WHAT IS NEEDED: Repeat the records below verbatim and include no pictures.

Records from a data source
- - - - - - -

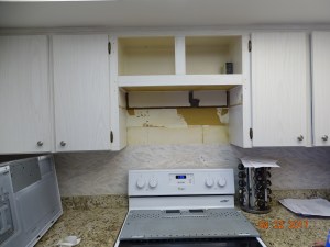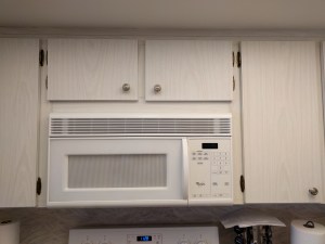 The cupboard is now 5 inches shorter and all ready to put the microwave back up….after the doors are shortened.
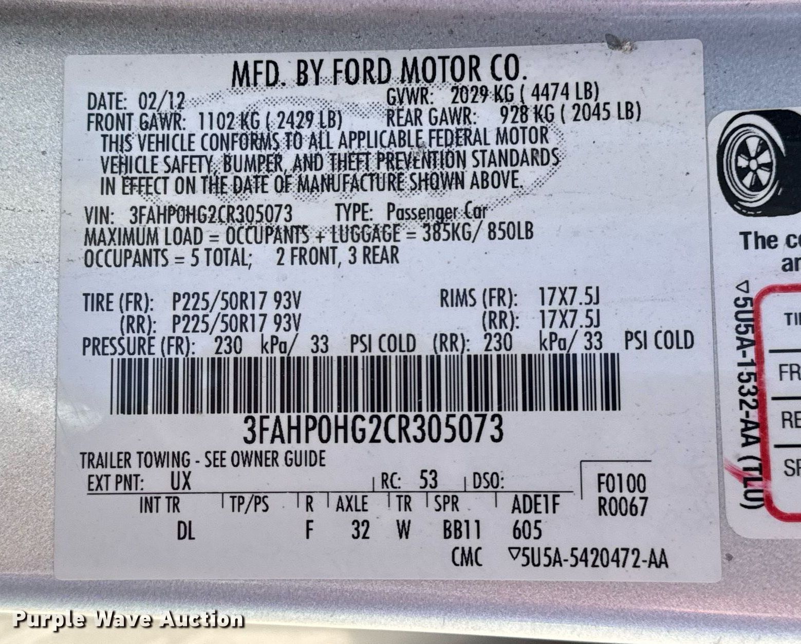 • VIN: 3FAHP0HG2CR305073
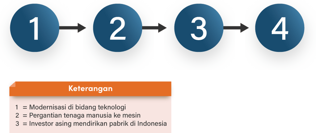 Berdasarkan ilustrasi tersebut, kondisi yang mungkin terjadi pada tahap 4 akibat proses modernisasi di bidang teknologi adalah ...
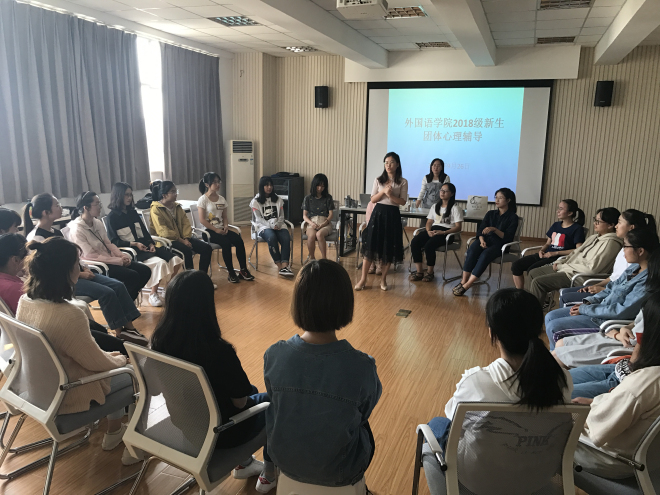 2018年9月26日下午3点半,乐鱼leyu(中国)2018级新生团体心理辅导活动于学院A529举行,学校心理健康中心兼职教师、人文学院辅导员张慧、乐鱼leyu(中国)心理辅导员张圆、18级新生辅导员黄颖、各班心理保健委员和学生代表参与了本次活动,本次团体心理辅导的主体为“快乐你我他——大学生压力与情绪管理”。
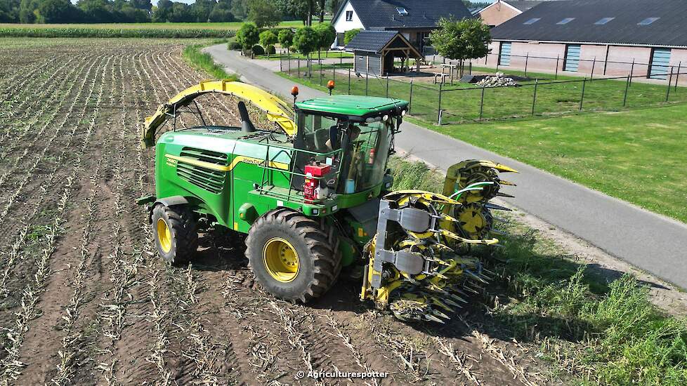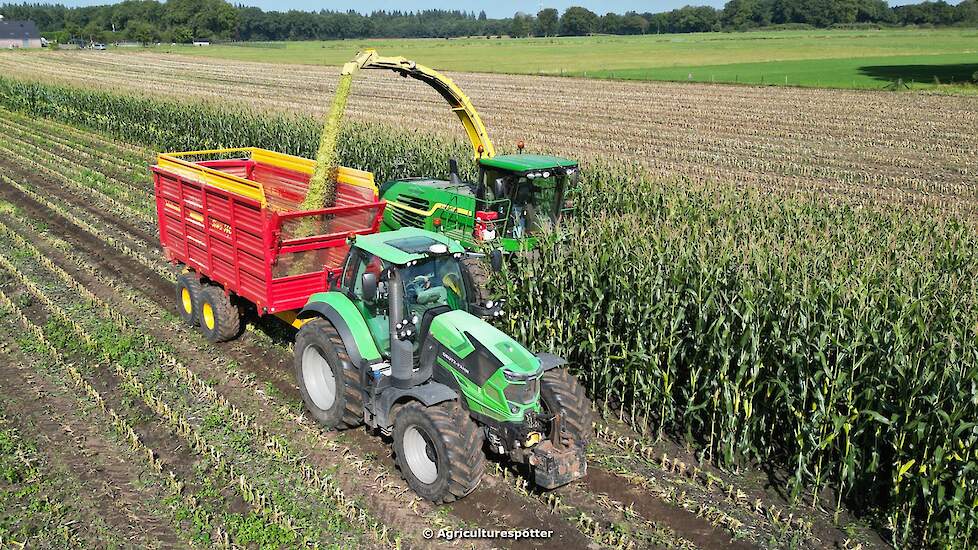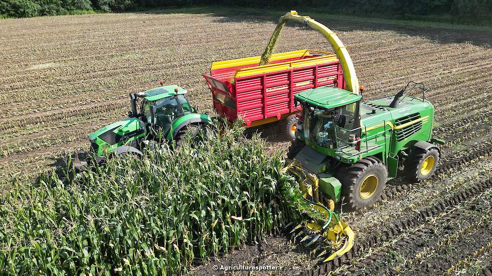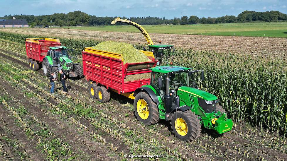 Maïs hakselen in Garderen met een John Deere 7480i ProDrive en een 8-rijige maïsbek van loon- en grondverzetbedrijf Van den Top uit Lunteren voor melkveehouder Van Heerikhuize. Het transport werd gedaan met een John Deere 6195R en een Deutz.
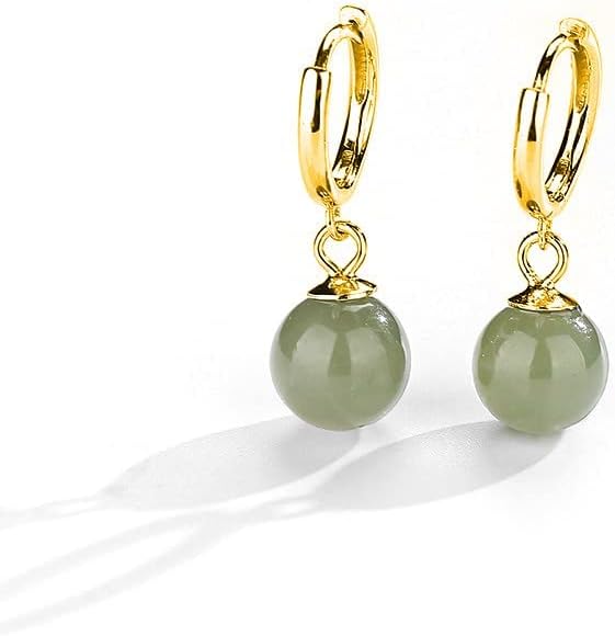 Dainty Natural Jade Drop Earrings for Women, Gold Overlay S925 Silver Vintage Style Green Jade Dangle Earrings, Fashion Jewelry Gift
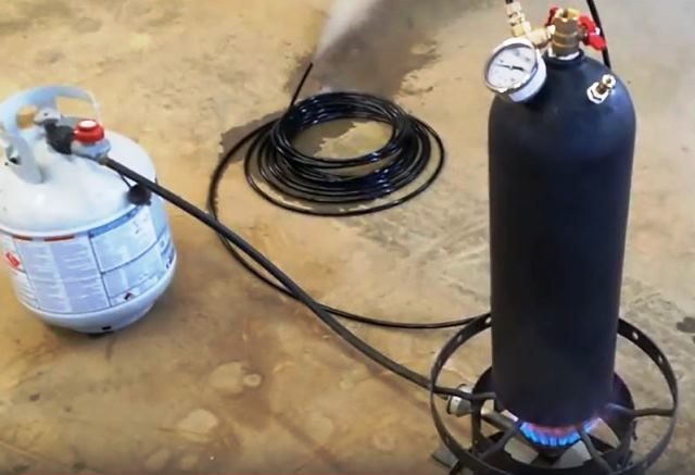 - De l'eau est versée dans le réservoir du générateur de vapeur et un tuyau de petite section (inférieure au diamètre du tuyau d'eau) y est connecté.

- - - - - - -

TASK ANSWER:
 The cupboard is now 5 inches shorter and all ready to put the microwave back up….after the doors are shortened.
 • VIN: 3FAHP0HG2CR305073
 Berdasarkan ilustrasi tersebut, kondisi yang mungkin terjadi pada tahap 4 akibat proses modernisasi di bidang teknologi adalah ...
 2018年9月26日下午3点半,乐鱼leyu(中国)2018级新生团体心理辅导活动于学院A529举行,学校心理健康中心兼职教师、人文学院辅导员张慧、乐鱼leyu(中国)心理辅导员张圆、18级新生辅导员黄颖、各班心理保健委员和学生代表参与了本次活动,本次团体心理辅导的主体为“快乐你我他——大学生压力与情绪管理”。
 Maïs hakselen in Garderen met een John Deere 7480i ProDrive en een 8-rijige maïsbek van loon- en grondverzetbedrijf Van den Top uit Lunteren voor melkveehouder Van Heerikhuize. Het transport werd gedaan met een John Deere 6195R en een Deutz.
 Dainty Natural Jade Drop Earrings for Women, Gold Overlay S925 Silver Vintage Style Green Jade Dangle Earrings, Fashion Jewelry Gift
 - De l'eau est versée dans le réservoir du générateur de vapeur et un tuyau de petite section (inférieure au diamètre du tuyau d'eau) y est connecté.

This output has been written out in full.